((

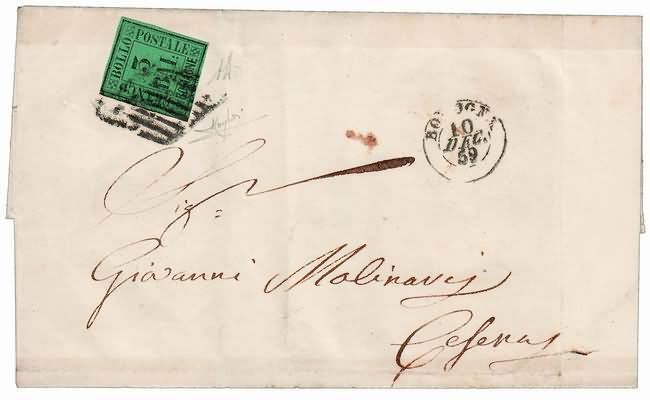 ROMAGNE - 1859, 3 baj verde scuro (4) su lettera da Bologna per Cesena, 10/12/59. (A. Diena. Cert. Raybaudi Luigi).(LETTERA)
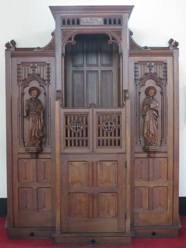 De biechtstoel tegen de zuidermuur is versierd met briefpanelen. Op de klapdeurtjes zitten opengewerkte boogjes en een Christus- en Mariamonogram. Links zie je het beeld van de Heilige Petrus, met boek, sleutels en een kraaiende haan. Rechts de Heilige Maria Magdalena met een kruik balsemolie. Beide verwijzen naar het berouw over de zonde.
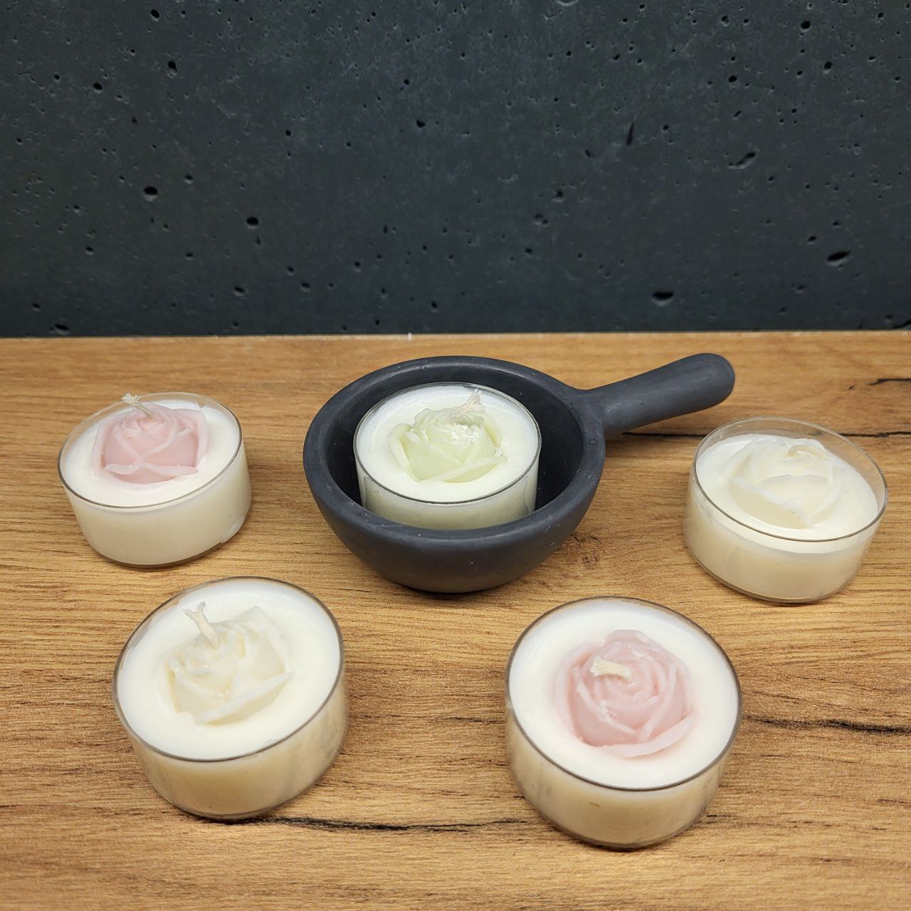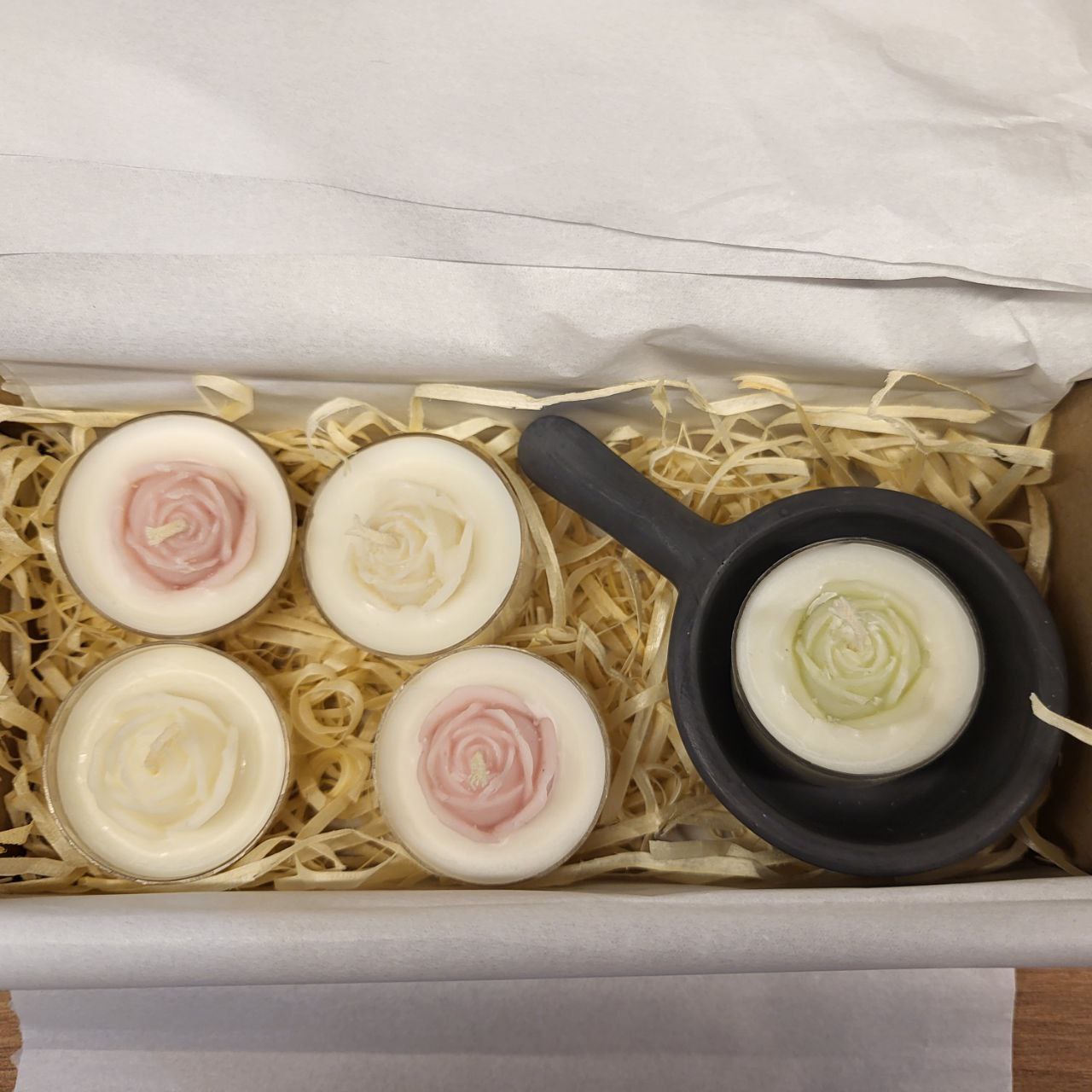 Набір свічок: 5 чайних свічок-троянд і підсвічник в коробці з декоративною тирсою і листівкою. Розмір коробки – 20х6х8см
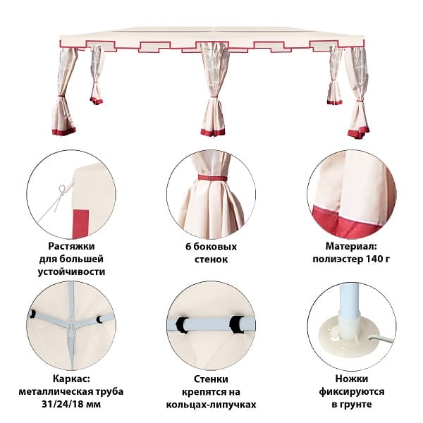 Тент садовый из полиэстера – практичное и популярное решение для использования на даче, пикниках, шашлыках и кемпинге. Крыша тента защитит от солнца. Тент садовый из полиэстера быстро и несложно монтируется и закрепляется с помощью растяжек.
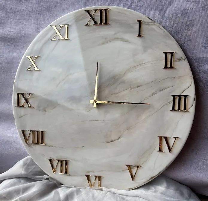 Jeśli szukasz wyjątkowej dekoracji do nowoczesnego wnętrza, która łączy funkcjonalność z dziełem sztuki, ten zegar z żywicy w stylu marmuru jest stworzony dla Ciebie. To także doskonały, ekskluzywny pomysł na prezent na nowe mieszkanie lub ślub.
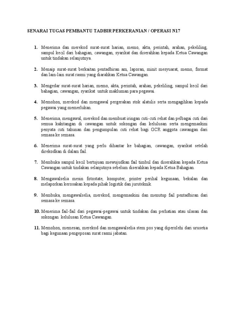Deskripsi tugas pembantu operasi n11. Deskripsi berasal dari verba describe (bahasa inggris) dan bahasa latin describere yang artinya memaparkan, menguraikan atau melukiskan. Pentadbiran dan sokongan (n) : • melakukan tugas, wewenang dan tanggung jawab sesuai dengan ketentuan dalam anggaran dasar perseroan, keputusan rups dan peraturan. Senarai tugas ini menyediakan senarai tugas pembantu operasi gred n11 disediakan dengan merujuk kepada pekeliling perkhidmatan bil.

))
((

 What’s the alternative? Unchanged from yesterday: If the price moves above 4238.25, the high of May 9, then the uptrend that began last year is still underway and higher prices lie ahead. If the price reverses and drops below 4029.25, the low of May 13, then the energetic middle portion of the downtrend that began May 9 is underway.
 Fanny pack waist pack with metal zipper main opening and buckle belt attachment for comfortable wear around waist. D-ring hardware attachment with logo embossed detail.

))

Task: Using the entries above, write out exactly the lines from the one with "Набір свічок: 5" through the one with "Deskripsi tugas pembantu", ends included. Leave out any pictures.

Output:
 Набір свічок: 5 чайних свічок-троянд і підсвічник в коробці з декоративною тирсою і листівкою. Розмір коробки – 20х6х8см
 Тент садовый из полиэстера – практичное и популярное решение для использования на даче, пикниках, шашлыках и кемпинге. Крыша тента защитит от солнца. Тент садовый из полиэстера быстро и несложно монтируется и закрепляется с помощью растяжек.
 Jeśli szukasz wyjątkowej dekoracji do nowoczesnego wnętrza, która łączy funkcjonalność z dziełem sztuki, ten zegar z żywicy w stylu marmuru jest stworzony dla Ciebie. To także doskonały, ekskluzywny pomysł na prezent na nowe mieszkanie lub ślub.
Deskripsi tugas pembantu operasi n11. Deskripsi berasal dari verba describe (bahasa inggris) dan bahasa latin describere yang artinya memaparkan, menguraikan atau melukiskan. Pentadbiran dan sokongan (n) : • melakukan tugas, wewenang dan tanggung jawab sesuai dengan ketentuan dalam anggaran dasar perseroan, keputusan rups dan peraturan. Senarai tugas ini menyediakan senarai tugas pembantu operasi gred n11 disediakan dengan merujuk kepada pekeliling perkhidmatan bil.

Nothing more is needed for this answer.